Jeśli Kazach wygra z Amerykaninem, to wiosną ma bronić swoich tytułów z oficjalnym pretendentem do pasa International Boxing Federation - Sergiejem Derewjanczenką (9-0, 7 KO), który prawo do pojedynku z "GGG" wywalczył, nokautując Australijczyka Sama Solimana.

Na wrzesień przyszłego roku z kolei planowana jest hitowa konfrontacja Gołowkina z Saulem Alvarezem (48-1-1, 34 KO). Za ten pojedynek Kazach ma zarobić co najmniej 10 milionów dolarów.


http://www.ringpolska.pl/163-boks-zawodowy-zagranica/48756-plan-golowkina-jacobs-derewjanczenko-i-canelo


RE: Giennadij Gołowkin - Hugo - 22-09-2016 08:49 AM

Kolejna zagadkowa błyskawiczna kariera ukraińskiego boksera. 9 walk stoczonych i oficjalny pretendent. Ktoś nadziany z Ukrainy musi zdrowo smarować za takie przywileje.


RE: Giennadij Gołowkin - Gogolius - 22-09-2016 02:43 PM

Derewjanczenko to pretendent z IBF - federacji najlepiej uporządkowanej pod kątem eliminatorów i rankingów. Nie dziwi mnie że w obecnej średniej, zwycięstwo nad Solimanem wystarczyło by zostać pretendentem, bo ci wszyscy medialni bokserzy (Eubank, Saunders, Jacobs) są silnie powiązani z innymi federacjami.

Najpierw niech Gienek pokona Jacobsa, a potem myśli o reszcie.


RE: Giennadij Gołowkin - Hugo - 22-09-2016 04:54 PM

@Gogolius
Nie kwestionuje klasy Dierewjanczenki i wygranego eliminatora z Solimanem jako legitymacji do title shota. Tylko pokaż mi innego boksera (a zwłaszcza z Europy wschodniej), który w 9 walce na zawodowstwie dopycha się do eliminatora. Ile walk musiał stoczyć np.
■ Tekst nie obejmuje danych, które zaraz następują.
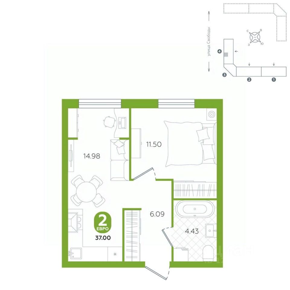 площадь квартиры - 37 кв.м
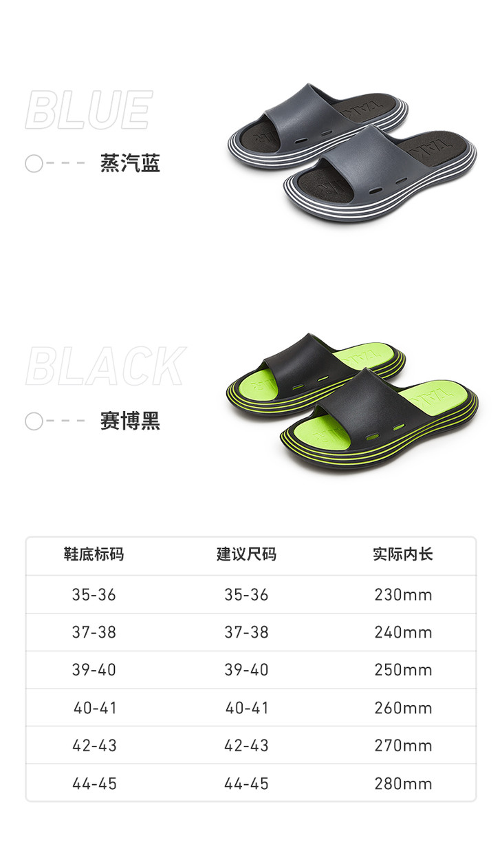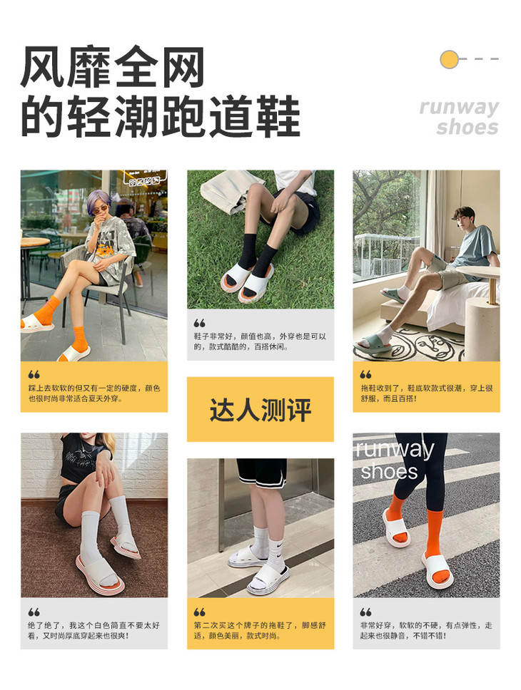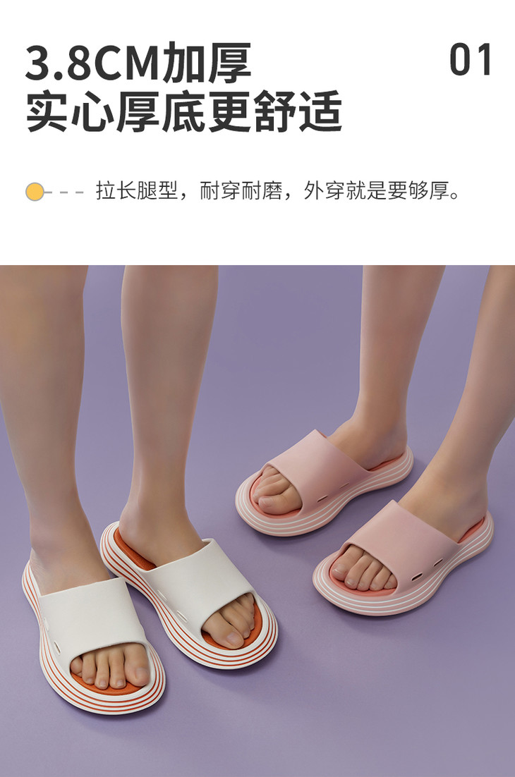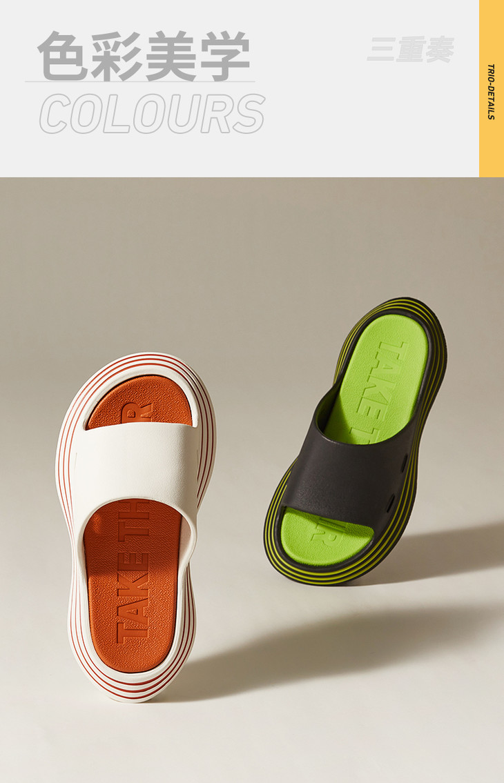 优调 轻潮跑道运动拖鞋,双层EVA发泡工艺,软弹十足,3.8cm厚底拉长腿型,耐穿耐磨防滑,撞色设计潮流百搭

Postoł, żeby dopchać się do title shota? A ile Kuczer, którego dalej federacje nie zauważają? Usyk, Łomaczenko i Derewianczenko to bokserzy protegowani przez kogoś, kto na razie woli się nie ujawniać. Być może także inni ukraińscy jeszcze niedawni amatorzy, jak Hwozdyk, Chytrow, czy Szelestiuk. Nie zdziwiłbym się, gdyby okazało się, że "dobry wujek" otoczył opieka całą ukraińską reprezentację bokserską na Londyn 2012.